- #UNGOOGLED CHROMIUM VS IRIDUM INSTALL#
- #UNGOOGLED CHROMIUM VS IRIDUM UPDATE#
- #UNGOOGLED CHROMIUM VS IRIDUM UPGRADE#
- #UNGOOGLED CHROMIUM VS IRIDUM SOFTWARE#
With that simple change, anyone using a distribution-specific build of Chromium just became persona non grata. But the search giant is also using this opportunity to codify their belief that the only official Chromium builds are the ones that they provide themselves. The language used in the post makes it sound like Google is referring to browsers which are spun off of the Chromium codebase, and at least in part, they are. In fact, you might even assume it doesn’t apply to you. To the average Chromium user, this doesn’t sound like much of a problem. In response, any browser attempting to access features such as Chrome Sync with an unofficial API key would be prevented from doing so after March 15th.

Unfortunately, that may be changing soon.Ī post made earlier this month to the official Chromium Blog explained that an audit had determined “third-party Chromium based browsers” were using APIs that were intended only for Google’s internal use. As such, most distributions offer their own package for the browser and some even include it in the base install.

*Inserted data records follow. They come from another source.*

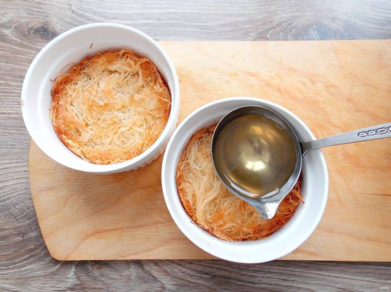 Извлеките формы из духовки и сразу немного полейте сиропом. Дайте постоять 2-3 минуты и полейте снова.
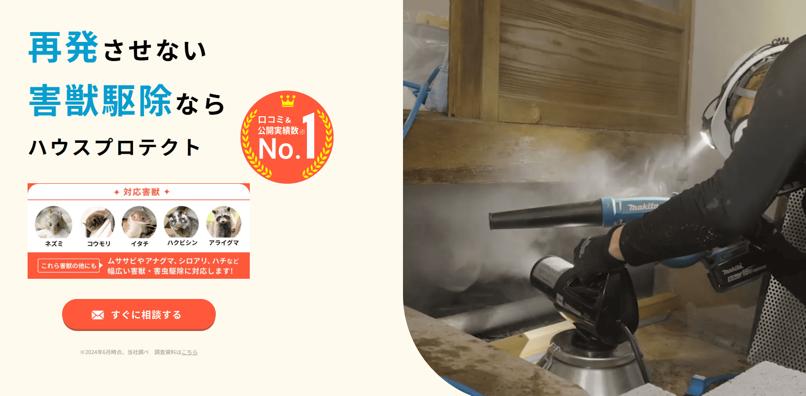 リフォーム工事も可能な技術力と、害獣の習性を熟知した社内スタッフが施工。自社で駆除メディアも運営しており、害獣や駆除に関する知識も豊富。一般社団法人日本有害鳥獣駆除・防除管理協会に加盟。
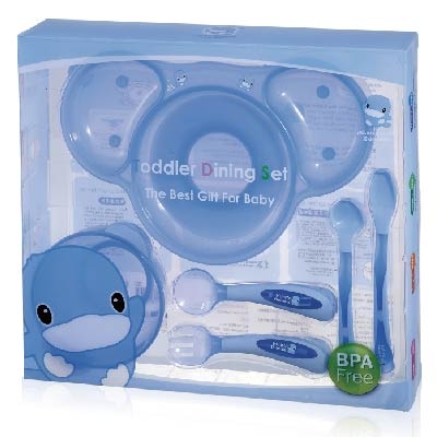 酷咕鴨學習餐盤組,內含三格餐盤(附吸盤)、止滑雙耳碗、果汁+果泥湯匙組、學習湯叉組,使用無雙酚A安全材質,依照寶寶每個成長階段設計,學習獨立餵食的能力。

Since the project’s inception over a decade ago, users have been able to compile the BSD licensed code into a browser that’s almost the same as the closed-source Chrome. Seriously thanks so much mw / brent and the others for the detailed info and explanations and even instructions that is so awesome of you.Linux users are more likely than most to be familiar with Chromium, Google’s the free and open source web project that serves as the basis for their wildly popular Chrome. I had Solus 4.2 on a USB stashed away and it saved my PC so I'm here to stay. Solus was always my fallback option if Arch broke, which I kinda expected it to.
#UNGOOGLED CHROMIUM VS IRIDUM UPGRADE#
On arch I simply used "yay" command and that handled it all at once- if only there was such a command on Solus to upgrade everything but I'm still learning.

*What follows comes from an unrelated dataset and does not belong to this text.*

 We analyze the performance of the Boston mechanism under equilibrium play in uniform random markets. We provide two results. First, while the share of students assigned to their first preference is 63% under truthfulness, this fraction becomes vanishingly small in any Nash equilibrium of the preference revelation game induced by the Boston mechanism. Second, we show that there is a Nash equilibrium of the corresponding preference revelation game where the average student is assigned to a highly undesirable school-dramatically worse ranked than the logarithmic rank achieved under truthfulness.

#UNGOOGLED CHROMIUM VS IRIDUM UPDATE#
I'll take the advice to stick with the trinity only (eopkg primarily & flatpak/snap) and update them once a week or so. Installed flatpak and installed ungoogled there and this version works fine. Apparently the way around it is to use the flatpak version.
#UNGOOGLED CHROMIUM VS IRIDUM SOFTWARE#
I should have probably titled this post "are there other package managers besides software manager available for solus" it would have saved lots of meandering on my end 😛įor some reason ungoogled from Snapstore gave me issues, something to do with no-sandbox flags causing bugs and opening new instances each time. Thank you for pointing me in the right direction (& apologies for the naivety 🙂) I'll stick with Software Center & Snap Store. But honestly finding out Snap Store has its own GUI to handle such things resolves my concerns.

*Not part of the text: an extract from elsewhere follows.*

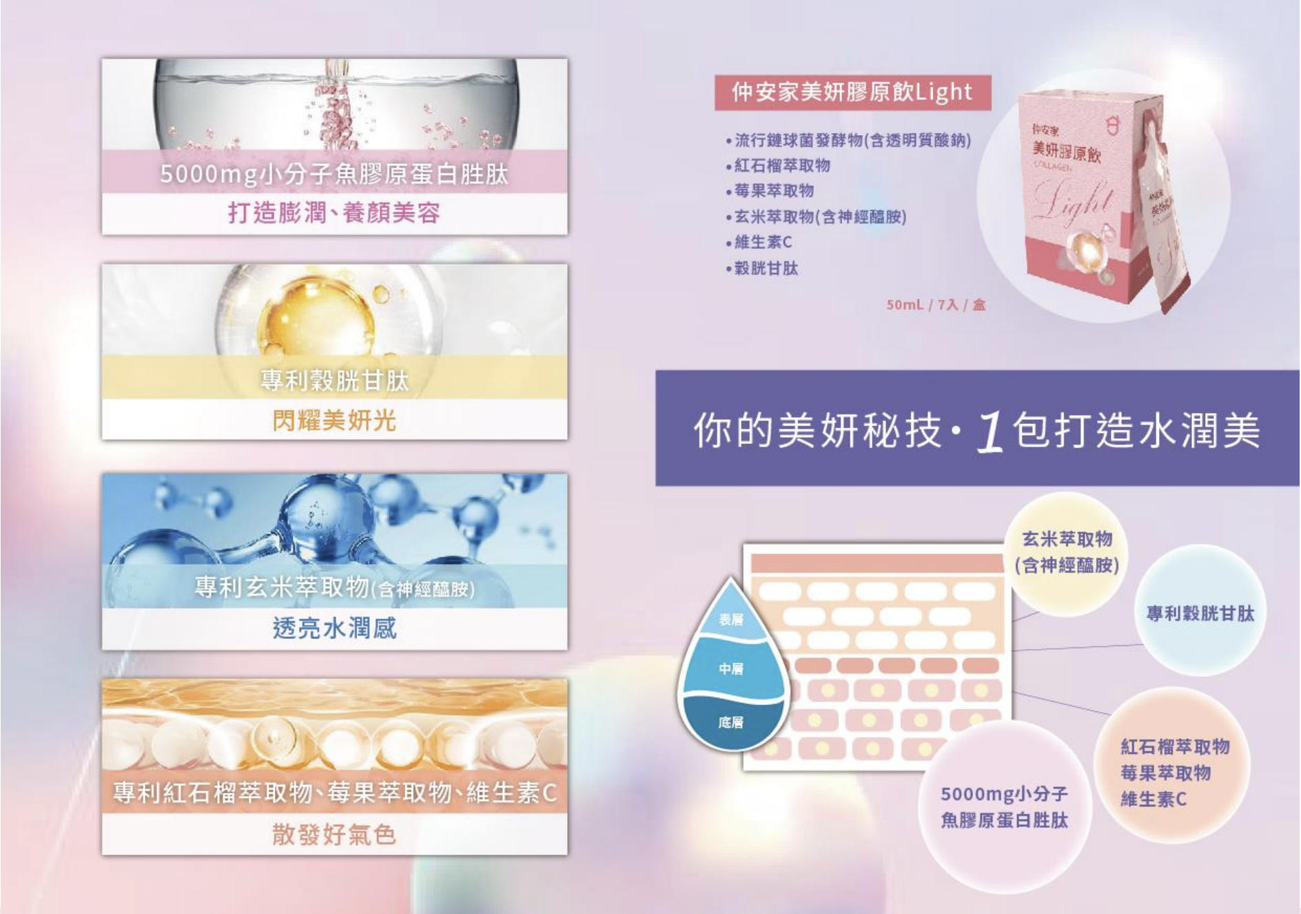 適用對象:不分男性女性皆合適、活忙碌重視保養的上班族、時常跑戶外紫外線曝曬者、想維持青春美麗者

#UNGOOGLED CHROMIUM VS IRIDUM INSTALL#
I exclusively used yay via terminal to install and update everything, in an effort to keep it stable.

I'm here from a broken Arch install after 2 months (6/7/21 - 8/9/21 RIP).

But I think I'll go with Ungoogled considering development seems much quieter on Libre's side, I can hardly find people talking about or using it. No autoupdates for either on Windows/Mac, for some reason. Honestly I'm probably the last person who needs such a fortressy browser like Librewolf or Ungoogled but I like the peace-of-mind they provide, and the superficial idea that it makes me feel like I'm getting the most out of my Linux installation. Ungoogled and Heroic (Epic) Launcher are the only apps I need that aren't in the main repos. I was under the impression the Snap/flatpak methods were just ways to do a quick local install of app packages, I assumed I would have to constantly be checking manually for updates myself.